A Plastic Ocean. This is a new feature-length adventure documentary that brings to light the consequences of our global disposable lifestyle. Everyone thought we could use plastic once and throw it away, with negligible impact to humans and animals. That turns out to be untrue. During its four-year production period, A Plastic Ocean was filmed in 20 locations around the world in beautiful and chilling detail, to document the global effects of plastic pollution and introduce workable technology and policy solutions that can, if implemented in time, change things for the better. Directed by Craig Leeson and featuring free-diver Tanya Streeter, it can be downloaded from iTunes for $7.99.

Loloata Closed.
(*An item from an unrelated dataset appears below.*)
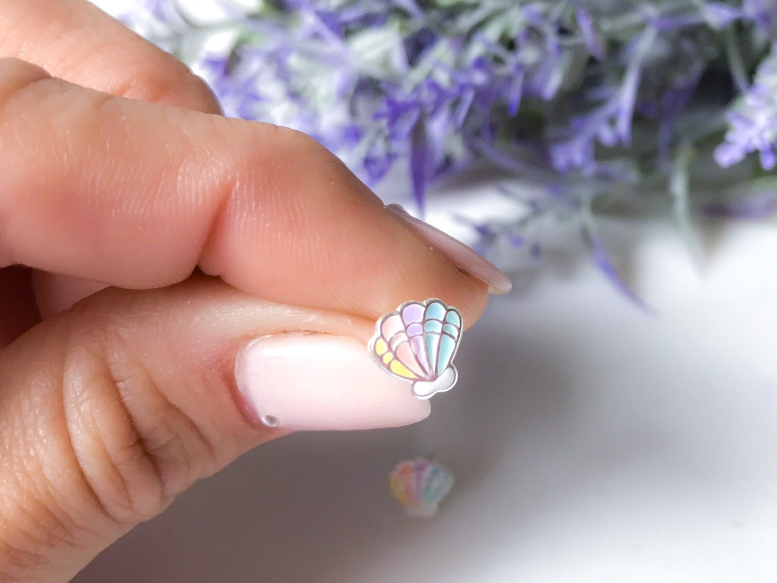 925 Sterling silver mermaid sea shell stud earrings for girls

The Loloata Island Resort in Bootless Bay, PNG, which always proved a popular lay-over for divers passing through less welcoming Port Moresby, is closed for rebuilding until the end of this year. The reefs close-by are some of the most beautiful in PNG, and famous for their populations of rhinopias asphanes (lacy scorpionfish), first discovered by Bob and Dinah Halstead and identified by the Smithsonian back in 1980. Since then, Bootless Bay has been the epicenter of rhinopias sightings.

Does He Wear Fins in Wet Weather? New England Patriots Quarterback Tom Brady says "I used to have a scuba top that I would wear and I think I first started doing that in 2004 in the freezing cold Tennessee playoff game," reports the Boston Herald. These days, there are more advanced undershirts to bear the cold, but the scuba gear trick seems to have stuck around. Titans quarterback Marcus Mariota reportedly wore a wetsuit top during a frigid game against the Chiefs earlier this season. One must presume they're 1mm tops; if Brady's top was 7mm, he might have had to deflate the football to throw it.
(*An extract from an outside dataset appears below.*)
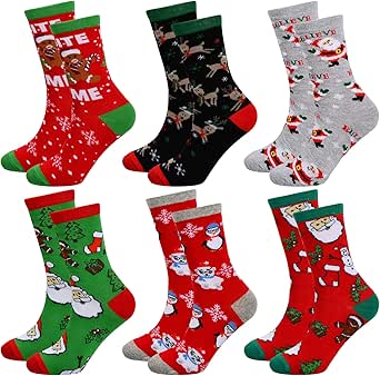 Oh, du fröhliche... Sockenzeit! Dieses 6er-Set Weihnachtssocken bringt sofort Festtagsstimmung in dein Zuhause. Mit süßen Motiven von Weihnachtsmännern, Rentieren und Schneeflocken in den klassischen Weihnachtsfarben Rot, Grün und Weiß. Die Socken sind aus 80% Baumwolle, 18,5% Polyester und 1,5% Elasthan - super weich und kuschelig! Sie passen für die Größen 36-44 und sind schön elastisch, sodass sie nicht rutschen oder einschneiden. Perfekt als Hausschuhe-Ersatz in der kalten Jahreszeit! Das Material ist atmungsaktiv und leitet Feuchtigkeit ab - keine schwitzigen Füße mehr. Auch nach häufigem Waschen bleiben sie formstabil und weich. Super als Geschenk für die ganze Familie oder für die eigene Weihnachtsparty! Einfach anziehen, Tee trinken und die festliche Atmosphäre genießen. Diese Socken sind nicht nur warm, sondern machen auch richtig gute Laune! Ob unterm Christbaum oder auf der Weihnachtsfeier - mit diesen Socken bist du immer festlich gestylt!

Michigan Takes A Step Backward. Just when enlightened authorities world-wide are putting restrictions on plastic bags -- they despoil the environment and kill fish -- a new law in Michigan will prohibit local governments from banning, regulating or imposing fees on the use of plastic bags and other containers. You read that correctly: It's not a ban on plastic bags -- it's a ban on the banning of plastic bags.
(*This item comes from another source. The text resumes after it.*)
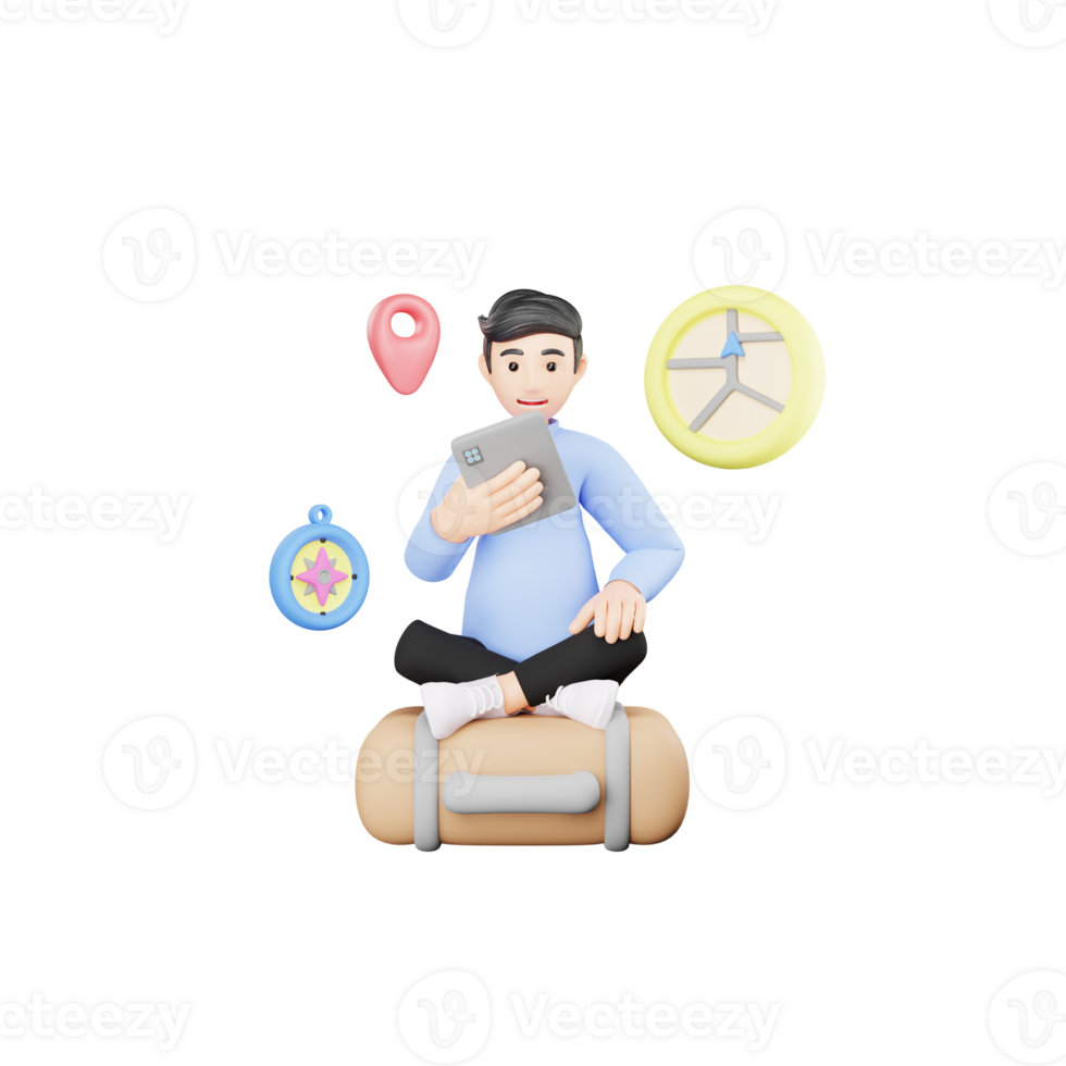 3D Character Illustration Using Mobile Navigation App - Finding the Way Pro PNG

Fake News. Surely, it undermines our political system. We get emails forwarded from divers with no notation, and when we write back saying "before you believe such hooey, you ought to check your facts," they often respond, "I was just passing it on. Don't blame me if it's fake." Yeah, and that's malarkey, and we know if they hadn't believed it, they wouldn't have passed it along. Anyhow, we're just passing this along: Don't you believe it.

Remember Kodak Film? There seems to be a renaissance among some photographers for film over digital image gathering. A favorite with veterans, we don't know if this will appeal to modern day underwater photographers because it needs much more skill to get good results. Either way, Kodak is threatening to bring back Ektachrome film, and there is even talk of reintroducing non-substantive Kodachrome too (where the color-couplers are added during complex processing). Since most older divers have parted ways with their old Nikonos cameras, or their film cameras and housings, one wonders what divers will be willing to make the big investment to return to Kodak and be limited to 36 shots on a dive, then have to wait until they can get their film developed to view their shots on a dive then have to wait until the can get their film developed to view their shots.